Provided information |
--- --- ---

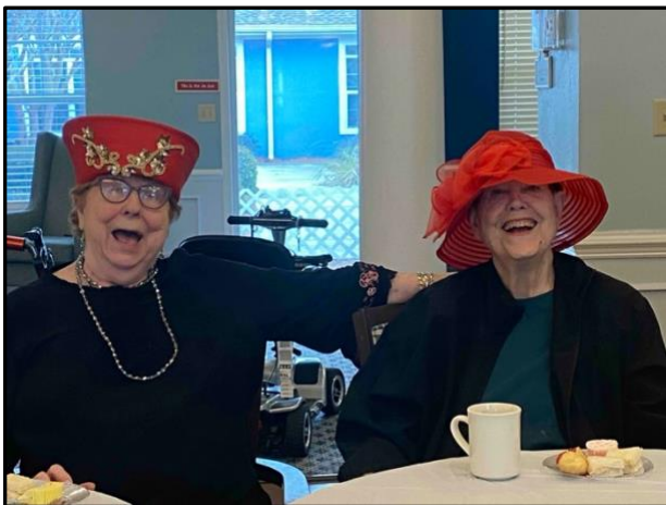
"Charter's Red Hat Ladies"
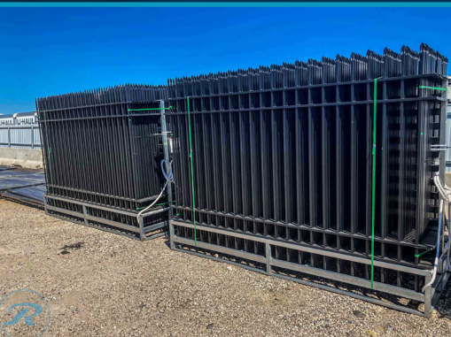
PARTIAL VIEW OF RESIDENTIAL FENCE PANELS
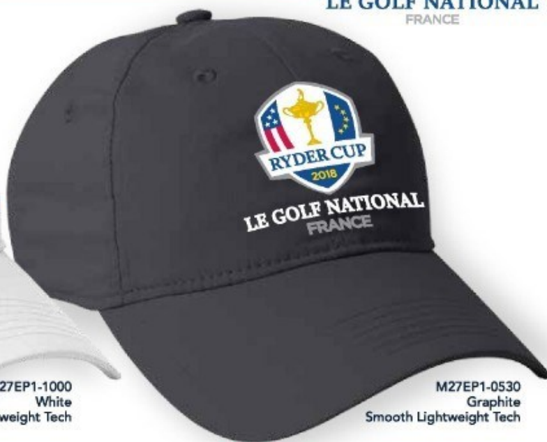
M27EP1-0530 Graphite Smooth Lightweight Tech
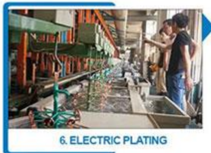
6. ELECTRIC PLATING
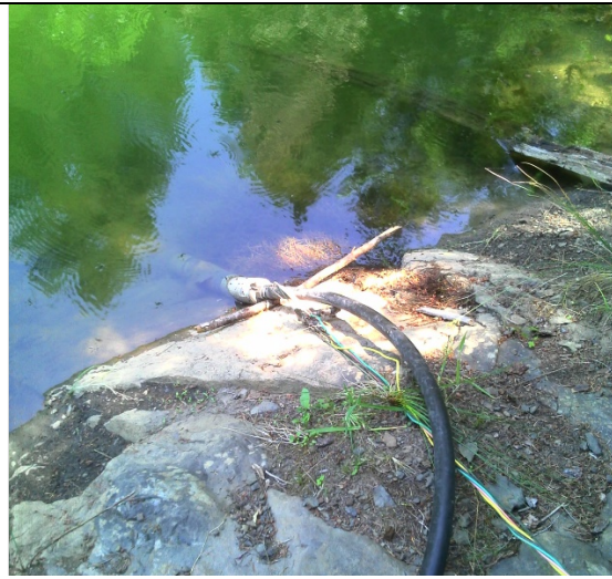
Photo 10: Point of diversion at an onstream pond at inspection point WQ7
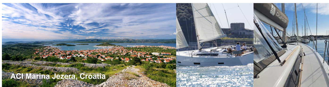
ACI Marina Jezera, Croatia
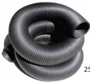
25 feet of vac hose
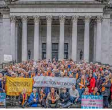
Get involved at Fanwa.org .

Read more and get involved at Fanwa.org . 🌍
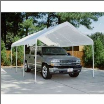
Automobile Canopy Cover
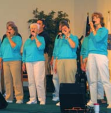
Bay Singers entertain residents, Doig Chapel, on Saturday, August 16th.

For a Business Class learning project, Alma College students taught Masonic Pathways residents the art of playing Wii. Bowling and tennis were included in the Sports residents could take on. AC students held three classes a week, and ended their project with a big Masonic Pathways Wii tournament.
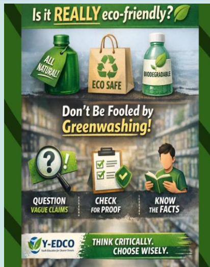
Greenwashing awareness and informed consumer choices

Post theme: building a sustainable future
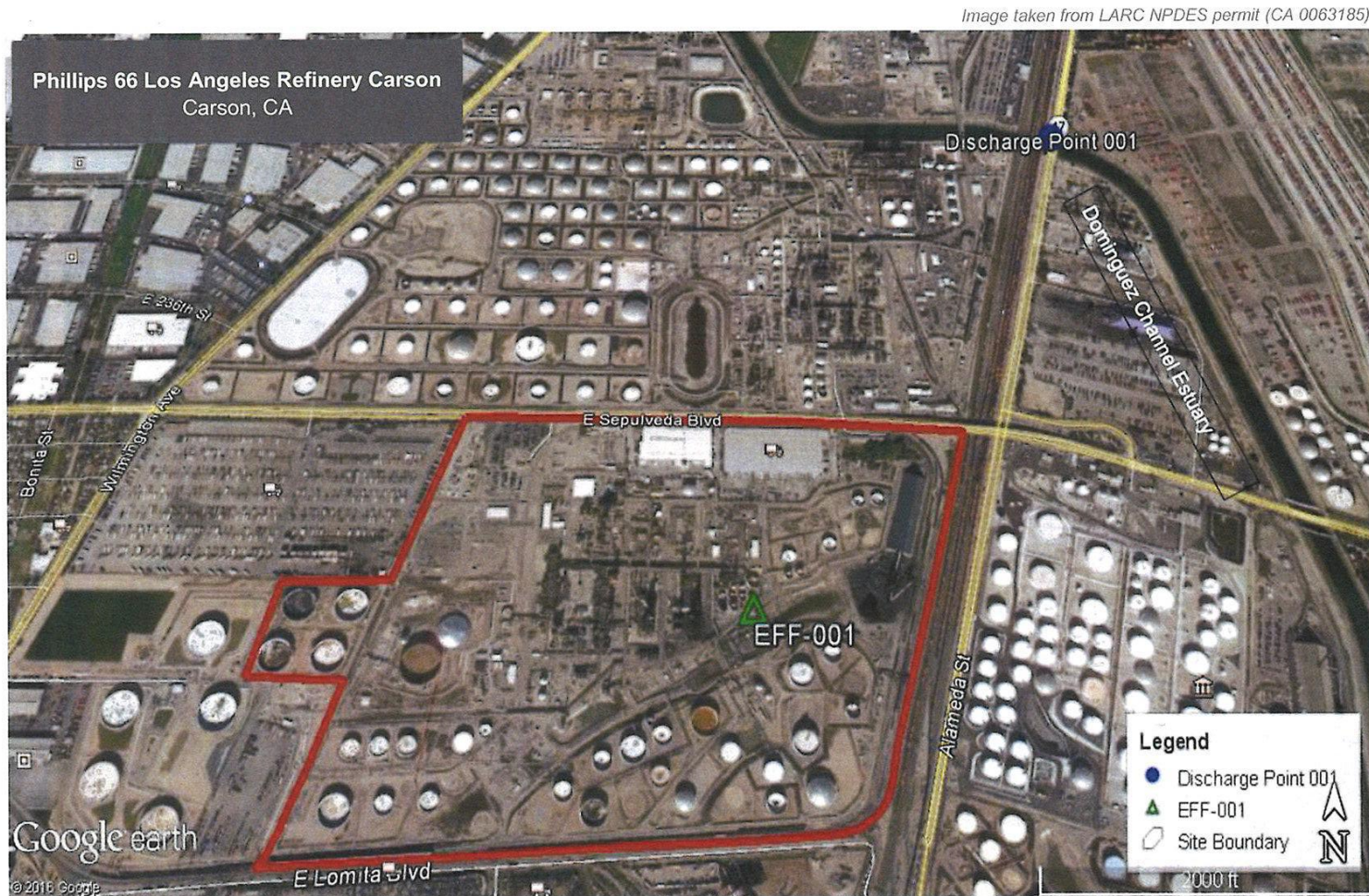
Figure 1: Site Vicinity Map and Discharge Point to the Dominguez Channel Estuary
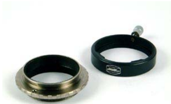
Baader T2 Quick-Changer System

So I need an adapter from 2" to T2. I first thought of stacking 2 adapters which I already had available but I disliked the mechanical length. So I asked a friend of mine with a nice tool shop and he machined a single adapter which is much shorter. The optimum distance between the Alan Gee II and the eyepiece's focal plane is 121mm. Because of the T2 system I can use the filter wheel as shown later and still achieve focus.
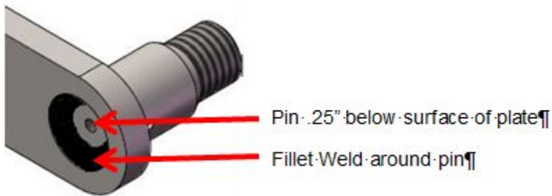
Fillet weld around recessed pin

--- --- ---

Exercise description |
Please return every line from the material above where the string "involved" occurs.

Exercise result |
Get involved at Fanwa.org .
Read more and get involved at Fanwa.org . 🌍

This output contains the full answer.